Женского голоса не было, но мягкий уверенный мужской, совершенно не соответствующий кряхтящему типу, был. И он был гармоничным продолжением последних ударов таймера, хотя начал резко и без предисловия.
– Зовут меня Островагант Илсагионович Экко. Знаю, звучит не просто, поэтому обращаться можно без фамилии. Только по имени-отчеству. Кто не запомнил? Могу повторить. Есть те, кто не понял?
– Повторите, пожалуйста, – попросил Игорь и почувствовал, что его просьба дальше Шелла не ушла.
– Ну и хорошо. Раз всем понятно, тогда начнём нашу леееекцию, – Профессор завис на последнем слове, копошась в куче бумаг на своём столе. Наконец он извлёк тот лист, который, по-видимому, и искал. Поправив очки, криво висящие на носу, начал читать.
– Тема нашего первого занятия: «Разум», – произнёс Профессор. По его интонации было сложно понять, вопрос это или утверждение. Тем не менее он осилил вступление и замер в горделивой позе. Обозрел мир вокруг себя, как бы ожидая возражений от немой аудитории. Не дождавшись, вернул взгляд на лист. Дочитал текст про себя и засунул бумажку обратно в середину кучи. Решив очевидно, что дальше справится и так. – В средние века своего существования человек изобрёл Разум. Некоторым из вас может показаться странным сам факт изобретения Разума. Я же не смогу предоставить вам на протяжении всего курса ни единого доказательства тому, что преподам здесь и далее. Поэтому разрешаю относиться ко всему как к приятной небылице. Да и сам я не откажусь от роли сказочника. Во всяком случае, это избавит меня от необходимости умничать и пытаться доказать вам то, что покажется бредом как на первый взгляд, так и на все остальные взгляды.

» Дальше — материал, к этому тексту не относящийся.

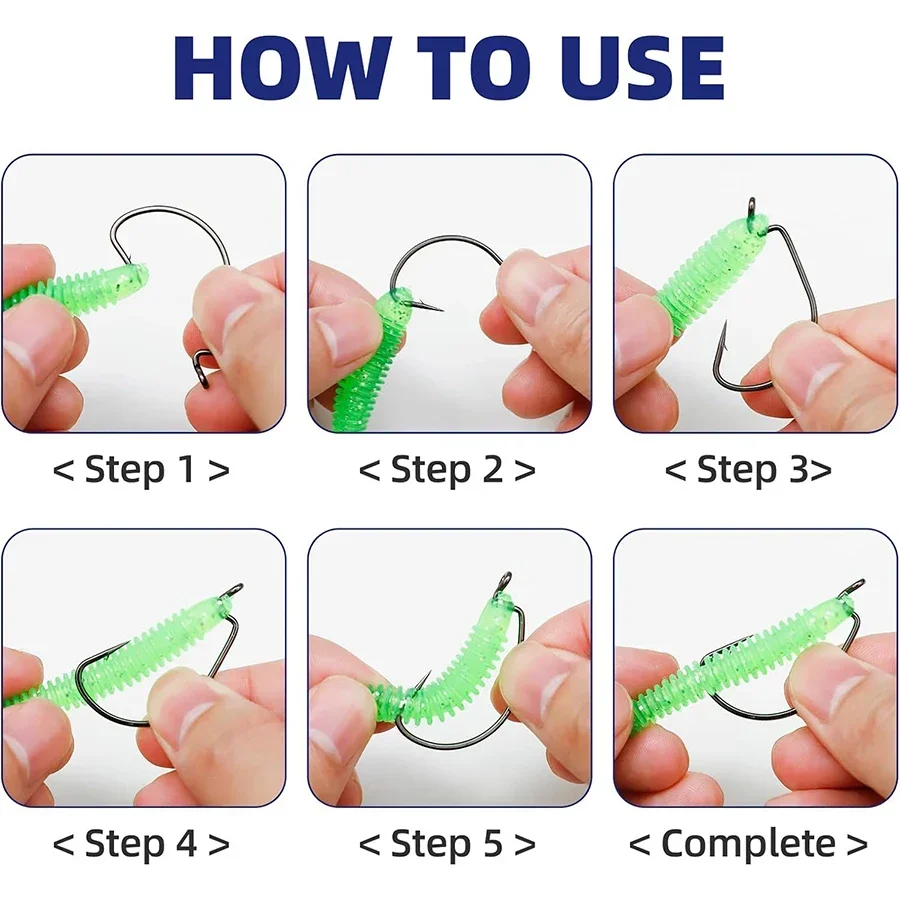► Diseño con huecos anchos --- Se pueden usar gusanos de diferentes tamaños y el anzuelo de pesca de lubina se puede incrustar fácilmente en una configuración natural. La curva ancha reduce la posibilidad de que los peces lancen el anzuelo del gusano.

Выкинув в эфир эту целиковую и, несомненно, гениальную реплику, рисованный образ Профессора вспух и приобрёл объём. Затем он потёк в цветных переливах, залоснился и размазался в пластилиновую кашу. Новая субстанция существовала недолго. Она снова выровнялась по форме и цвету. Приняла чёткое очертание, из педантичного Профессора создав Клоуна. Клоун покривлялся несколько секунд, а затем снова потёк, заняв какую-то среднюю позицию, провоцируя зрителя на поиск граней и различий между персонажами. Впрочем, то было напрасным занятием. Профессор не остался стабильным. И потом, на протяжении лекции, так и перетекал то в одну, то в другую форму. Надо сказать, раздражало здорово, но спать не давало.
– Приношу извинения за эти метаморфозы. Оказавшись в новом обществе, так сложно порой понять, кто ты есть, – без смущения прокомментировал собственную трансформацию Профессор-Клоун. Прекратив на какое-то время перетекать, он продолжил: – Итак, Разум, – голос его стал таким же неопределённым, как и тело. Жёстким, но с клоунско-игривыми нотками. – Изобретение Разума действительно может показаться бредовой идеей, но… Впрочем, давайте вместе сделаем маленький экскурс в состояние человечества тех времён.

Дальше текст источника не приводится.